Alternatively, an employee’s regular rate can be determined by adding up all compensation that is part of the regular rate over the applicable time period, and dividing that sum by the hours actually worked during that time.

Where an Employee Has Multiple Qualifying Reasons for Sick Leave

The guidance documents clarify that employees are entitled to a maximum of eighty-hours of paid sick leave (for full-time employees) from April 1, 2020 through December 31, 2020. Therefore, by way of example, if an employee is subject to a government order of quarantine for two weeks and exhausts eighty hours of sick leave during this time, he or she cannot later take additional paid sick leave in order to care for a family member who becomes subject to a government order of quarantine.

On the other hand, if an employee only uses some of the paid leave to which he or she is entitled for one qualifying reason, he or she may take the remainder of the available paid leave later for a different qualifying reason.

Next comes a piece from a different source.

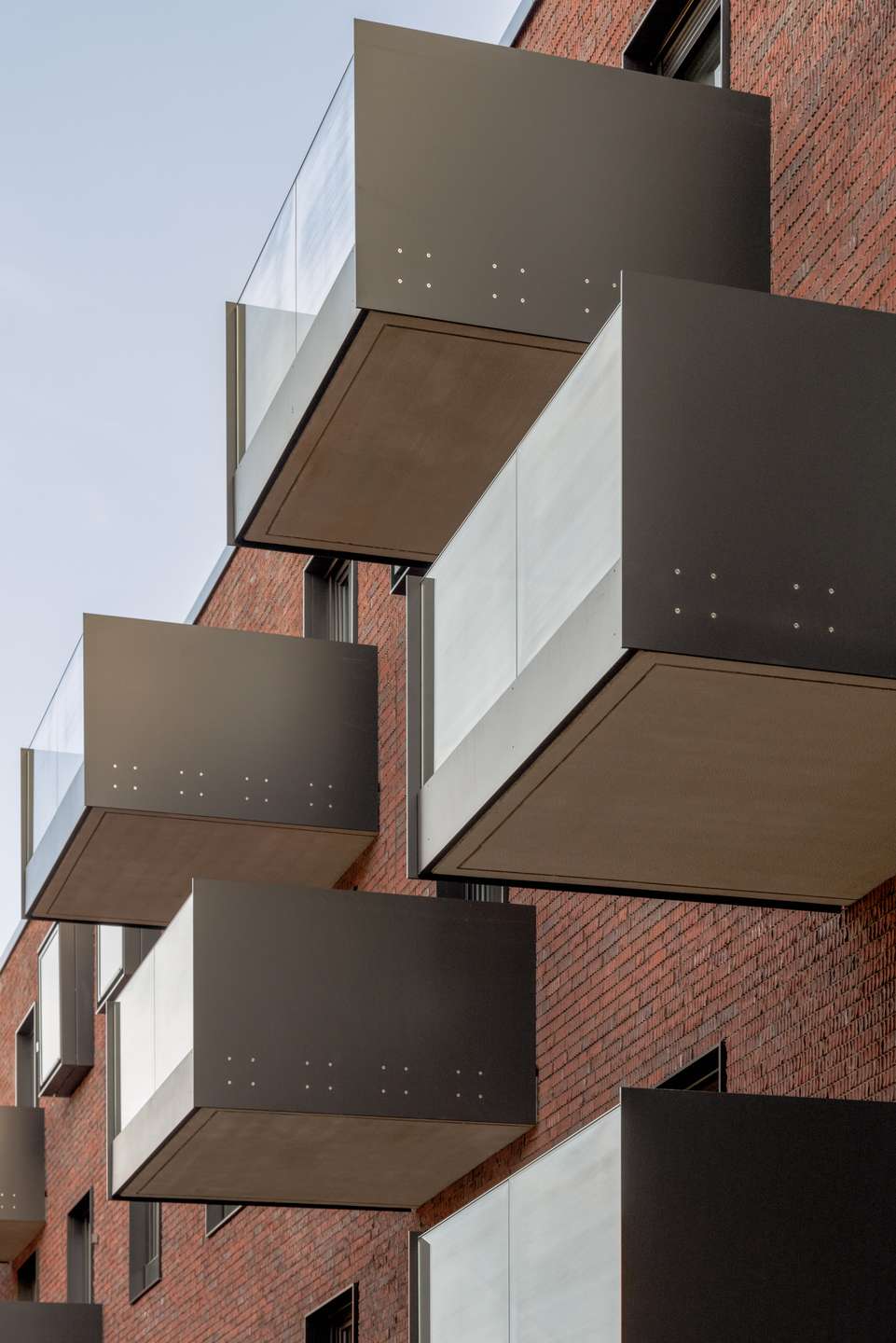 Durchdachte Architektur trifft auf zeitloses Design: Balkone, Loggien und Terrassen ermöglichen den direkten Blick aufs Wasser. Die hochwertige Backsteinfassade, nachhaltige Bauweise mit Fernwärme und begrünte Dächer schaffen ein Zuhause mit Charakter.
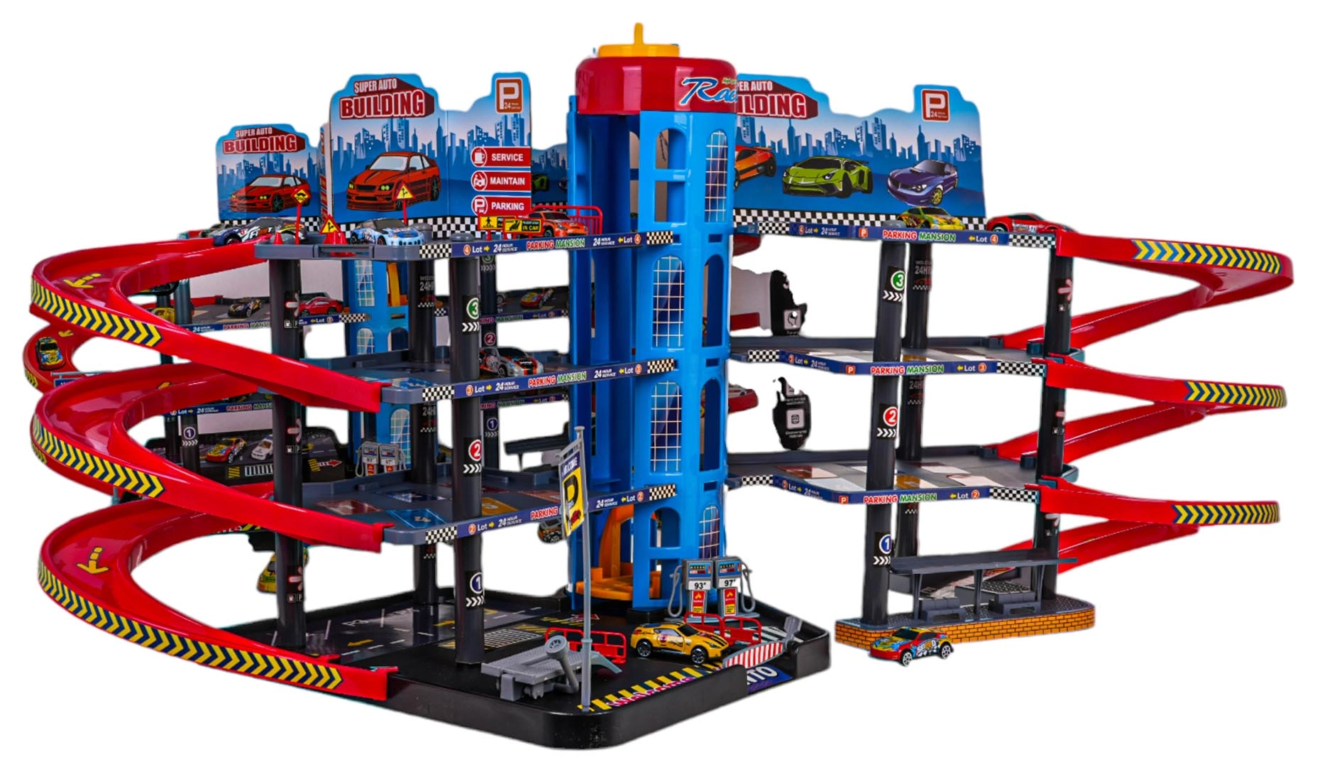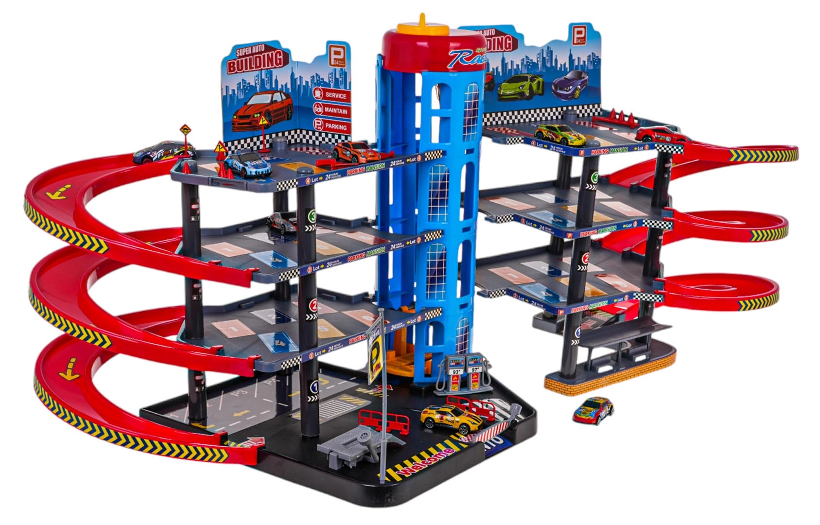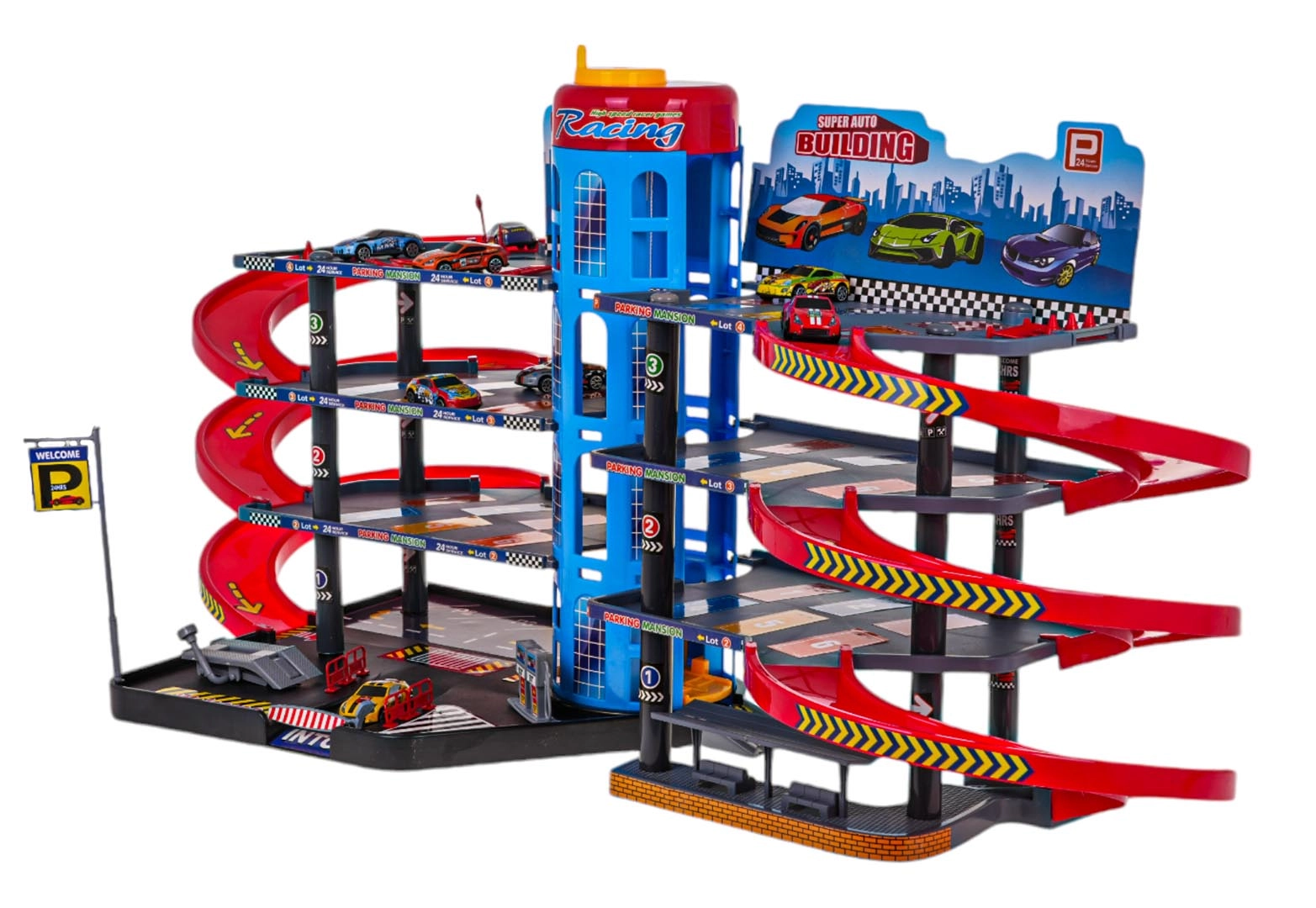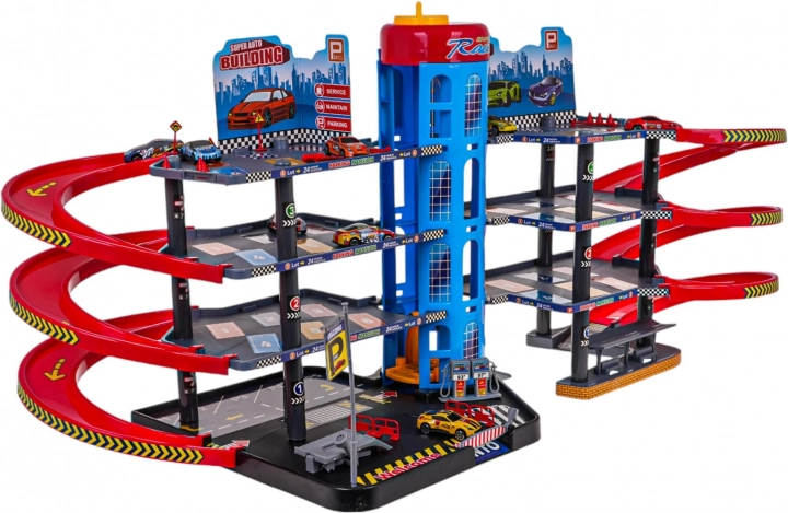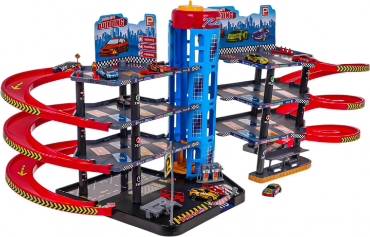 Plusieurs niveaux avec des rampes spirales rouges et des places de stationnement favorisent un jeu dynamique, des courses palpitantes et des manœuvres de stationnement précises.

By way of example, if a full-time employee uses eight hours of paid sick leave to seek a diagnosis while experiencing symptoms of COVID-19, he or she can later use the remaining seventy-two hours of paid leave to care for a child whose school is closed due to the COVID-19 pandemic.

Effect of Previous Paid Leave

The guidance documents clarify what most lawyers knew already: if an employer voluntarily provided paid leave to an employee prior to April 1, 2020, that does not relieve the employer of the obligation to provide paid leave under EFMLEA or EPSLA after April 1, 2020.

Conclusion

The guidance documents provide important information that employers need to know to ensure compliance with EFMLEA and EPSLA. Some questions still abound, but hopefully they will be answered when formal regulations are issued in the days ahead.